10.3390/ma14113110 ◽

2021 ◽

Vol 14 (11) ◽

pp. 3110

Author(s):

Kaveripakkam Suban Ashraff Ali ◽

Vinayagam Mohanavel ◽

Subbiah Arungalai Vendan ◽

Manickam Ravichandran ◽

Anshul Yadav ◽

...

Keyword(s):

Wear Rate ◽

Aluminium Alloy ◽

Metal Matrix Composites ◽

Metal Matrix ◽

Weld Zone ◽

Base Material ◽

Matrix Composites ◽

Wear Properties ◽

Friction Stir ◽

Behavioural Aspects

This study focuses on the properties and process parameters dictating behavioural aspects of friction stir welded Aluminium Alloy AA6061 metal matrix composites reinforced with varying percentages of SiC and B4C. The joint properties in terms of mechanical strength, microstructural integrity and quality were examined. The weld reveals grain refinement and uniform distribution of reinforced particles in the joint region leading to improved strength compared to other joints of varying base material compositions. The tensile properties of the friction stir welded Al-MMCs improved after reinforcement with SiC and B4C. The maximum ultimate tensile stress was around 172.8 ± 1.9 MPa for composite with 10% SiC and 3% B4C reinforcement. The percentage elongation decreased as the percentage of SiC decreases and B4C increases. The hardness of the Al-MMCs improved considerably by adding reinforcement and subsequent thermal action during the FSW process, indicating an optimal increase as it eliminates brittleness. It was seen that higher SiC content contributes to higher strength, improved wear properties and hardness. The wear rate was as high as 12 ± 0.9 g/s for 10% SiC reinforcement and 30 N load. The wear rate reduced for lower values of load and increased with B4C reinforcement.

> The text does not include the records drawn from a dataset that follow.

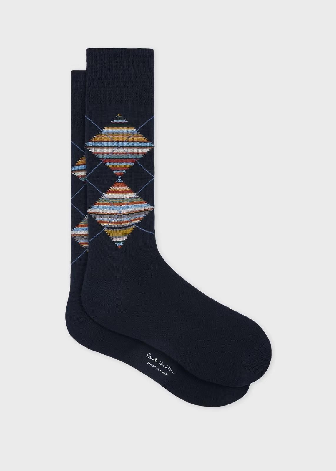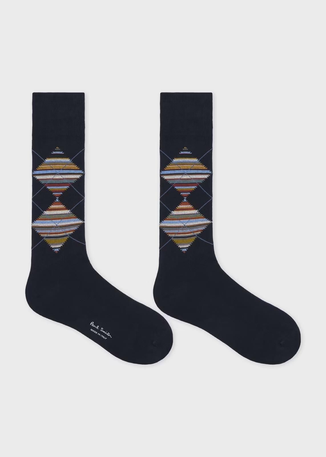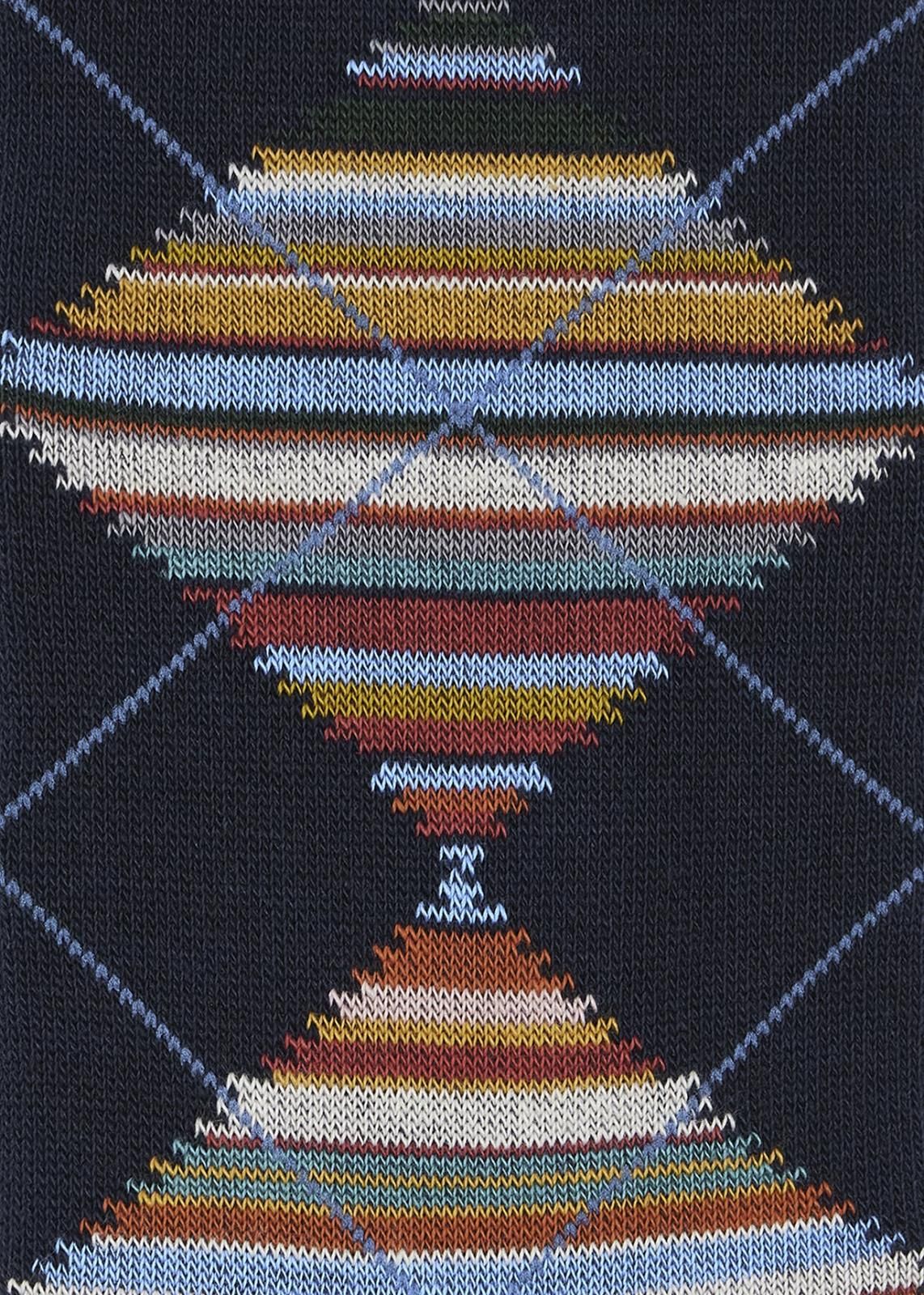 Sokken Signature Stripe Argyle Socks van Paul Smith voor heren. Deze blauwe sokken zijn gemaakt in Italië van een zachte katoenmix. Zijn voorzien van de 'Signature Stripe Argyle’ patroon in het midden van de kous, die voor een vleugje kleur zorgen. Is 1 maat van 40 tot 45.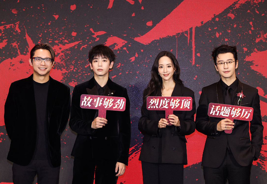 The cast and crew of "The Fire Raven" appear on stage to promote the film at Maoyan's press conference in Xiamen, Fujian province, Nov. 14, 2025. [Photo/China.org.cn]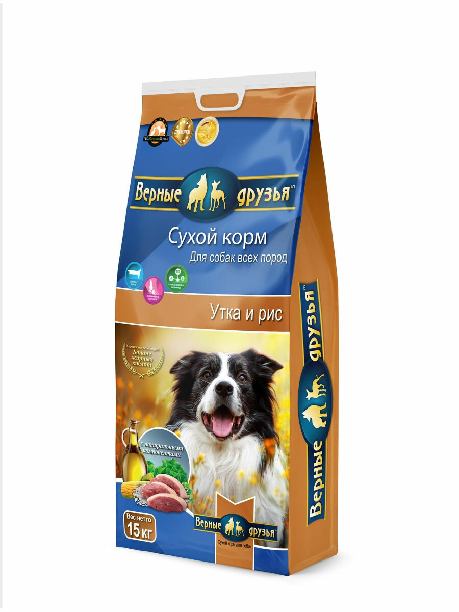 Сухой корм для собак Верные друзья, утка с рисом 1 уп. 15 кг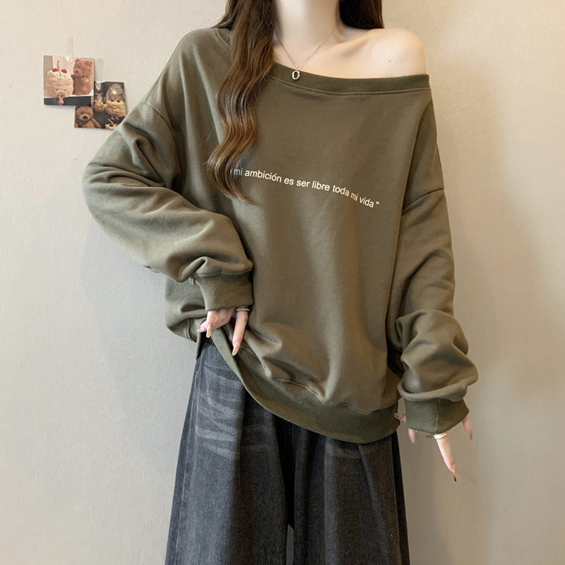 Bereichern Sie Ihre lässige Auswahl mit diesem modischen Off-Shoulder-Grafik-Sweatshirt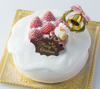 【内容】雪が積もったようなふんわりクリームが魅力の可愛らしいデコレーションケーキ。苺とホイップクリームのシンプルで優しい味わいをお楽しみいただけます。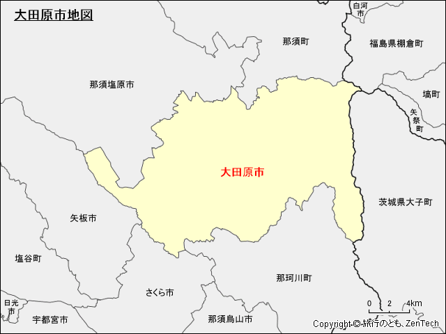 大田原市地図(Map of Ootawara City, Tochigi Prefecture, Japan)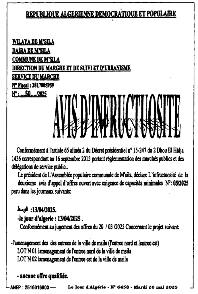 إعلان عن عدم جدوى تهيئة مداخل مدينة المسيلة/ بلدية المسيلة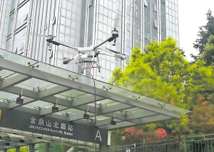 “嗡——”伴随着轻微的机械运转声,一架经过改装的大疆T60无人机稳稳悬停在昆明地铁4号线和甸营站的玻璃顶棚上空,机身下方挂载的高压水枪精准喷射出清洁液,20多分钟便完成高空清洗作业。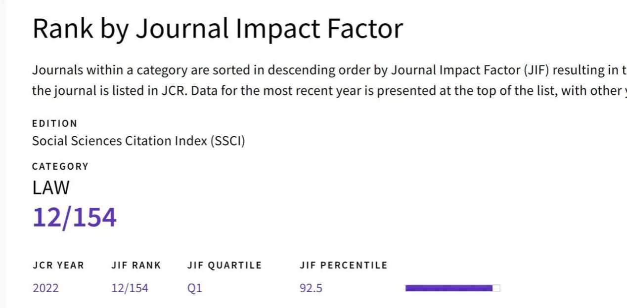 CLSR由英国著名网络法学者Steve Saxby教授在1985年创办,每年出版六期,是以互联网法律、网络安全、数据保护、电子商务等网络前沿问题为主要特色的著名国际性学术期刊,是世界范围内科技法律期刊中为数不多入选SSCI目录的法学类国际性期刊。根据汤森路透2023年度发布的最新期刊引证报告(JOURNAL CITATION REPORTS,简称JCR)显示,CLSR影响因子为2.9,在154本入选的SSCI法学刊物中位列第12位,属于JCR Q1区优势期刊。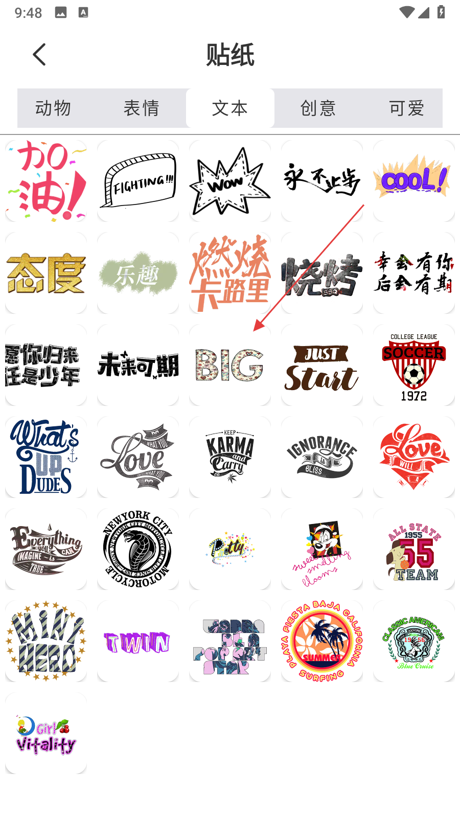 3、在贴纸选择页面中,挑选喜欢的贴纸,点击该贴纸将其添加到T恤上。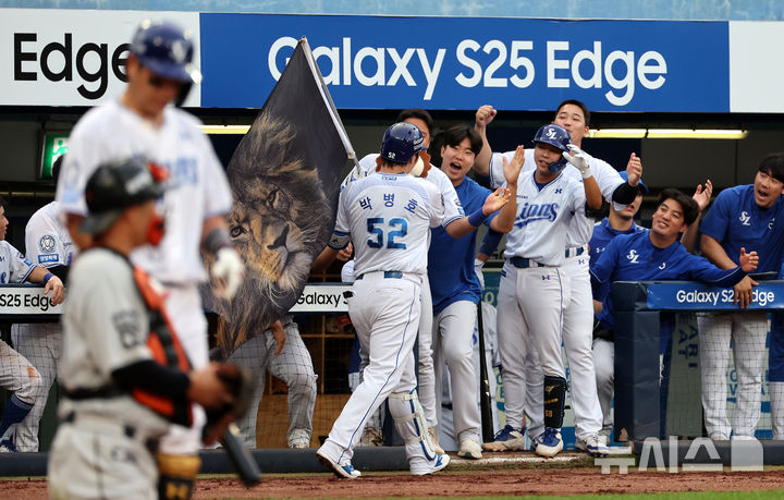 [대구=뉴시스] 이무열 기자 = 25일 대구 수성구 삼성라이온즈파크에서 열린 2025 신한 SOL 뱅크 KBO 리그 한화 이글스와 삼성 라이온즈의 경기, 3회말 무사 주자 없는 상황에서 삼성 박병호가 솔로 홈런을 때린 뒤 더그아웃에 들어서며 동료들과 기뻐하고 있다. 2025.06.25. [email protected]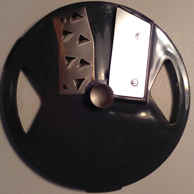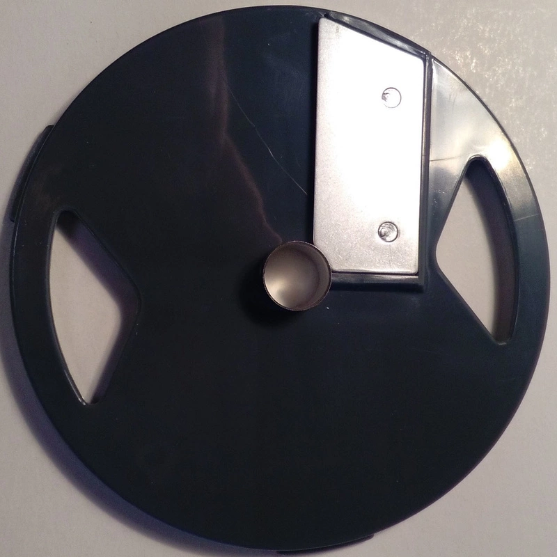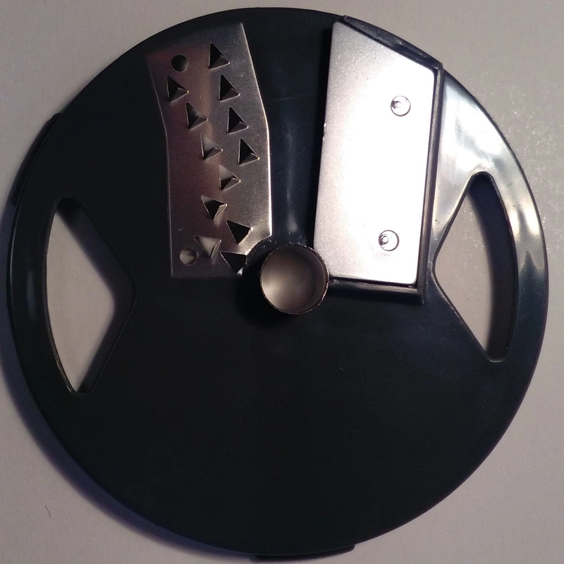 Każda z tarcz ma po przeciwnych stronach wycięcia na palce ułatwiające ich montowanie w krajalnicy.
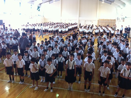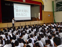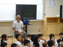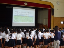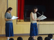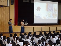 読み聞かせの後、校長先生から平和のためにみんなができることというお話がありました。「教室から意地悪な言葉や喧嘩をなくすことができれば、その教室から世界の平和が広がります。」「北陽小学校から意地悪な言葉や喧嘩をなくすことができれば、北陽小学校が世界の平和の中心になります。」というお話でした。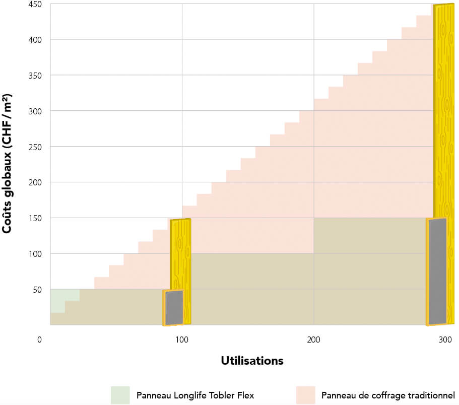 Un panneau de coffrage traditionnel peut être utilisé environ une dizaine de fois avant de devoir être remplacé. Et ce, pour un coût d’environ CHF 15.– / m².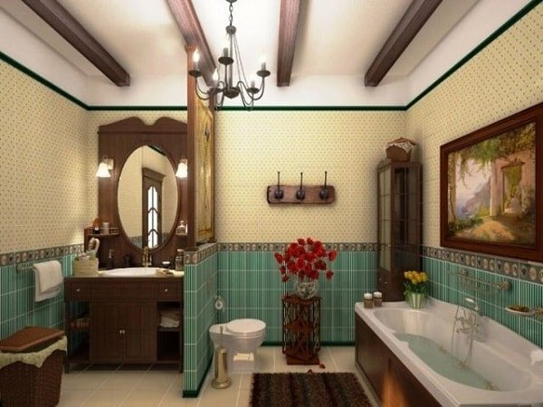 При выборе цветовой палитры для ванной в стиле кантри стоит отдавать предпочтение теплым, ярким цветам — коричневым, оранжевым и зелёным, которые создают атмосферу рождественского уюта. Эти оттенки напоминают о зрелых плодах и жарком солнце, что делает пространство поистине теплым и тёплым.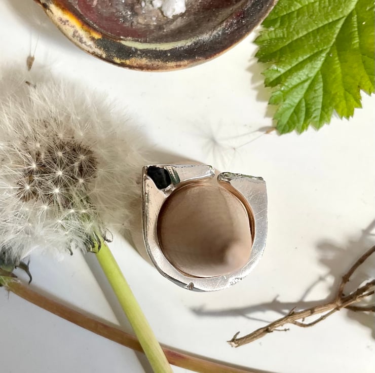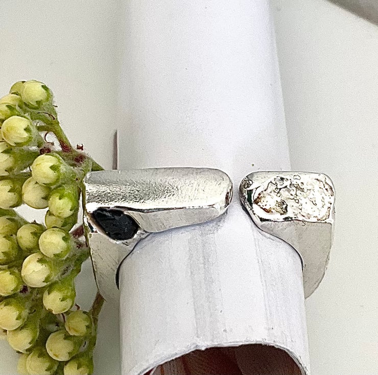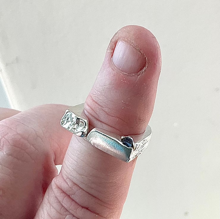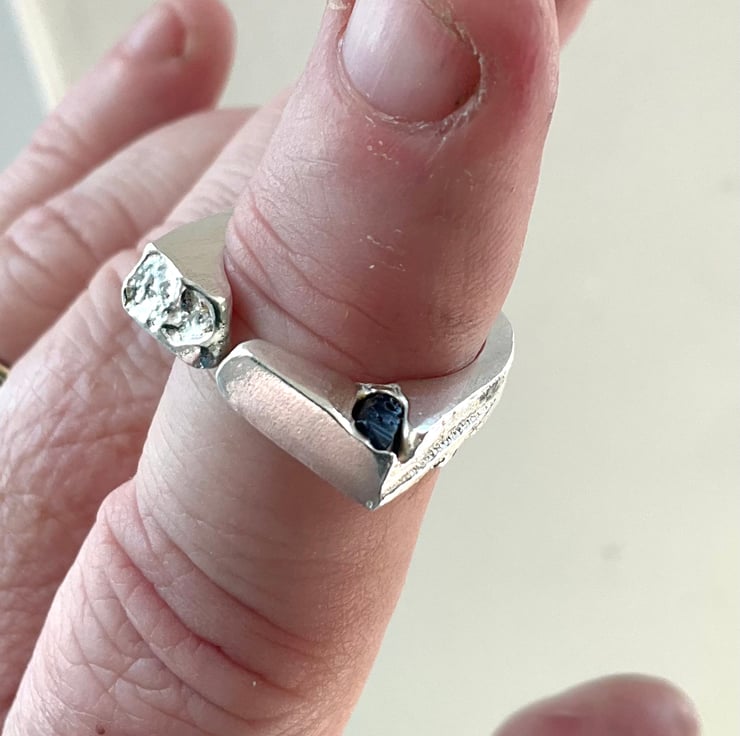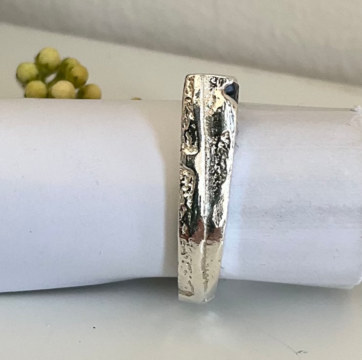 This is a gorgeous sterling silver ring featuring a raw sapphire. The ring has been created by sand casting. I like my rings to be very organic in appearance which can be achieved through sand casting. The ring is open at the top which means the ring has a little give in it.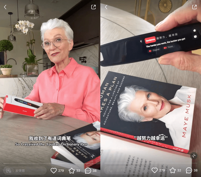 视频中,梅耶·马斯克正拿着有道字典笔扫描她的自传《人生由我》中文版的内容,轻轻一扫就可以识别并读出整句的内容,同时翻译成英文。翻译精准、产品便捷无不深深吸引了梅耶,视频最后她不吝惜对于有道词典笔的夸奖。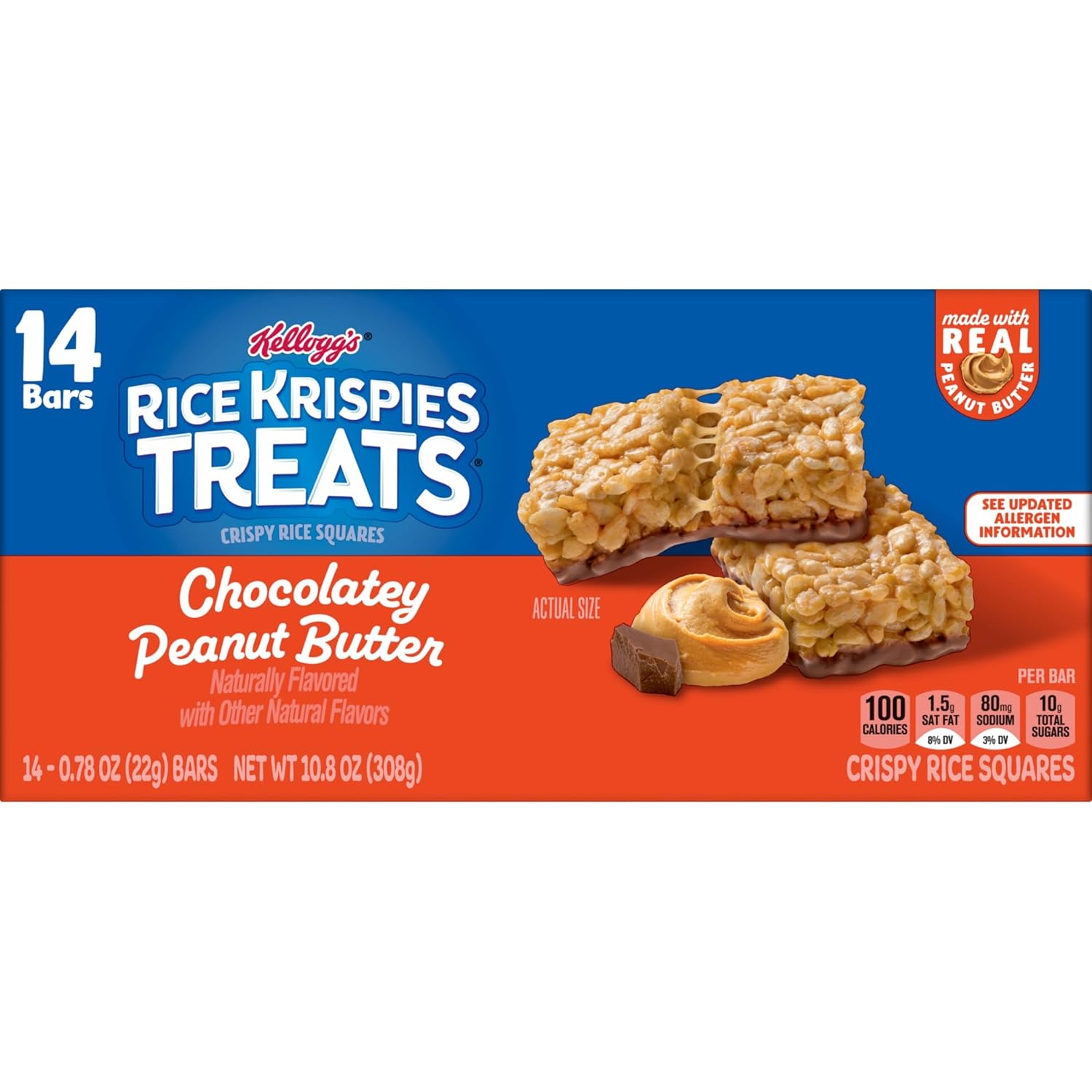 Rice Krispies Treats Crispy Rice Squares, Snack Bars, Chocolatey Peanut Butter, 10.8oz Box (14 Count)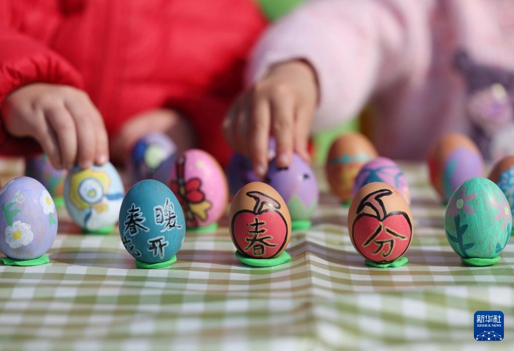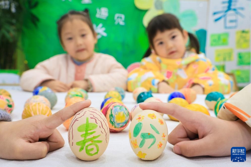 3月20日,在江苏省扬州市江都区育才幼儿园,小朋友们体验“立蛋”习俗。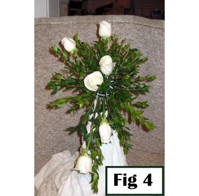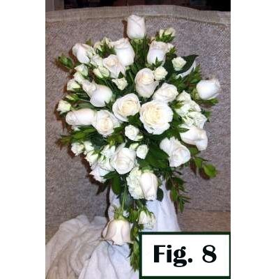 This white cascade bouquet is filled with very simple flowers. The instructions below are for a rose cascade, but the techniques are the same even if you change what type of flowers you use.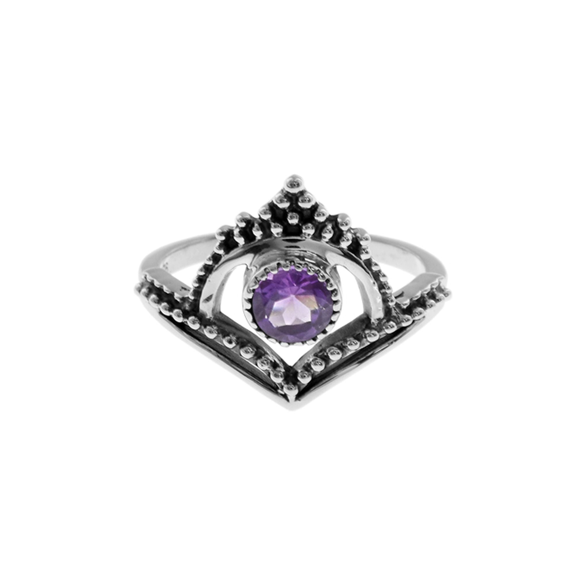 Amethyst facet chevron and arch ring with bead detailing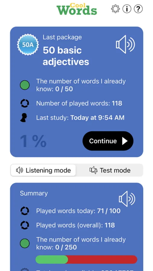 With this application you listen to the pronunciation of words spoken by a native speaker. You can verify for yourself if you know the word.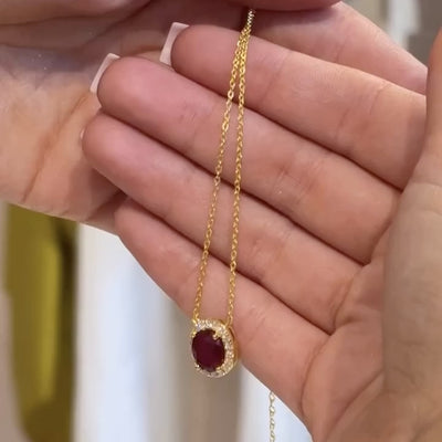 Mina Oval Yellow Sapphire & Diamond Halo Necklace In White Gold Sale price£370.00

The microstructural examination at the joints reveals the flow of plasticized metal from advancing to the retreating side. The formation of onion rings in the weld zone was due to the cylindrical FSW rotating tool material impression during the stirring action. Alterations in chemical properties are negligible, thereby retaining the original characteristics of the materials post welding. No major cracks or pores were observed during the non-destructive testing process that established good quality of the weld. The results are indicated improvement in mechanical and microstructural properties of the weld.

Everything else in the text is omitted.